◆ Data shown ◆
┌────────

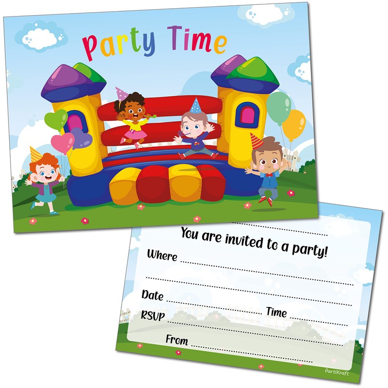 12 x Bouncy Castle Birthday Party Invitations with Blue Envelopes
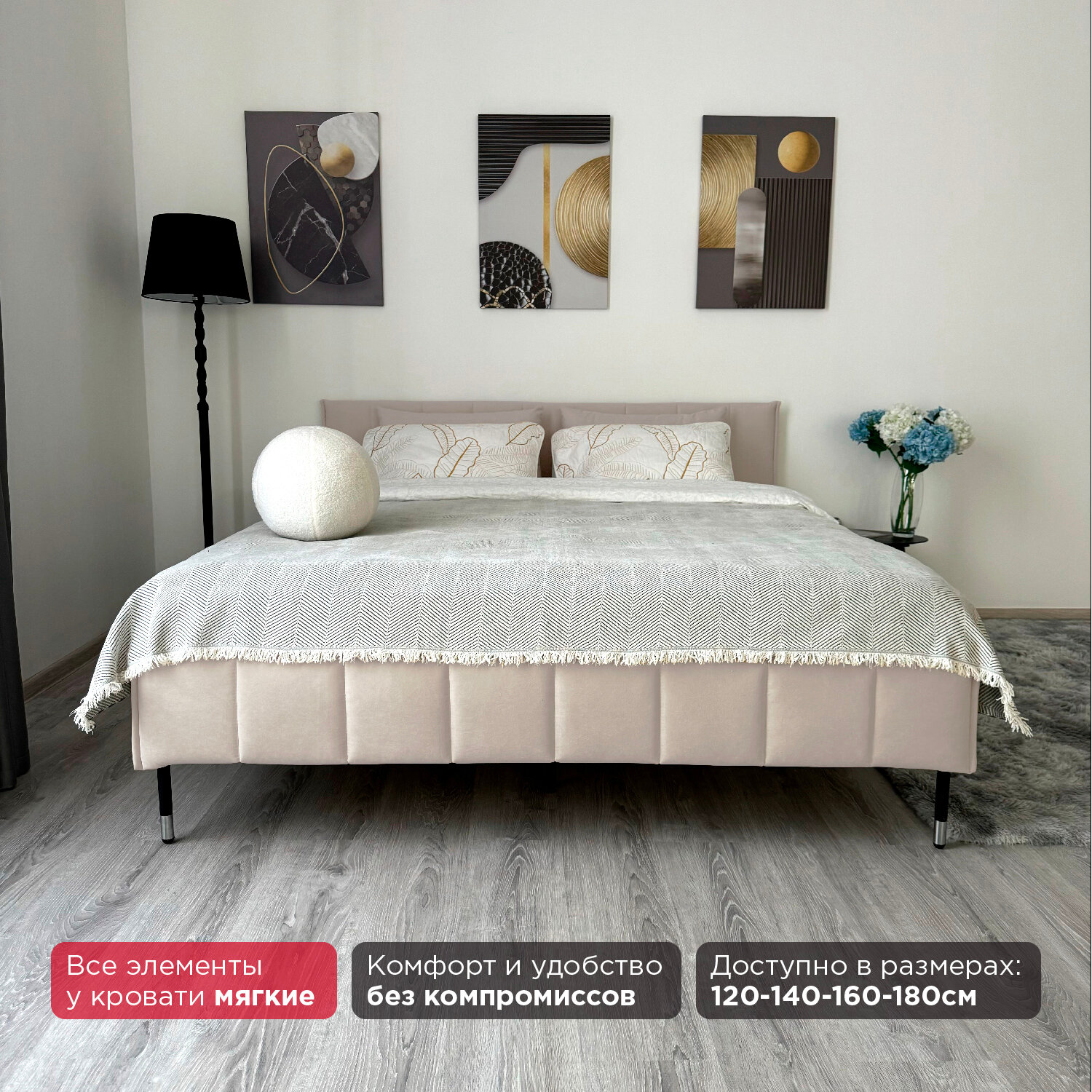 Кровать Redsofa Стелла бежевый Шайн / ножки хром 140х200 с ортопедическим основанием 23 240 ₽
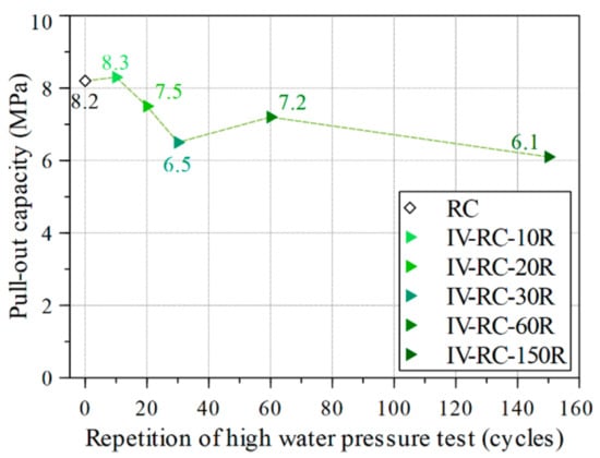 After subjecting these concrete cylinder specimens to cyclic high water pressure, pullout tests were conducted to evaluate the residual pullout capacity, as explained in Section 2.5. Figure 15 shows the results for specimens IV-RC-10R, IV-RC-20R, IV-RC-30R, IV-RC-60R, and IV-RC-150R as compared with the control specimen (RC). After 10 loading–unloading cycles (specimen IV-RC-10R) and with no surface cracks observed (see Figure 14b), the residual pullout capacity was unchanged. Thereafter, residual pullout capacity gradually fell by 26% to 6.5 MPa from 10 to 30 cycles, as shown in Figure 14c,d. This corresponds with the propagation of surface cracks on the specimens. In specimens subjected to 60 and 150 cycles (IV-RC-60R and IV-RC-150R), the residual pullout capacity did not fall further but stabilized somewhat (see Figure 15), corresponding to the stabilization of compressive strength in the second series.

└────────

◆ Your objective ◆
Keep the pictures out and repeat exactly the lines from the beginning of the data through the line that contains "Кровать Redsofa Стелла", both ends included.

◆ Reply ◆
 12 x Bouncy Castle Birthday Party Invitations with Blue Envelopes
 Кровать Redsofa Стелла бежевый Шайн / ножки хром 140х200 с ортопедическим основанием 23 240 ₽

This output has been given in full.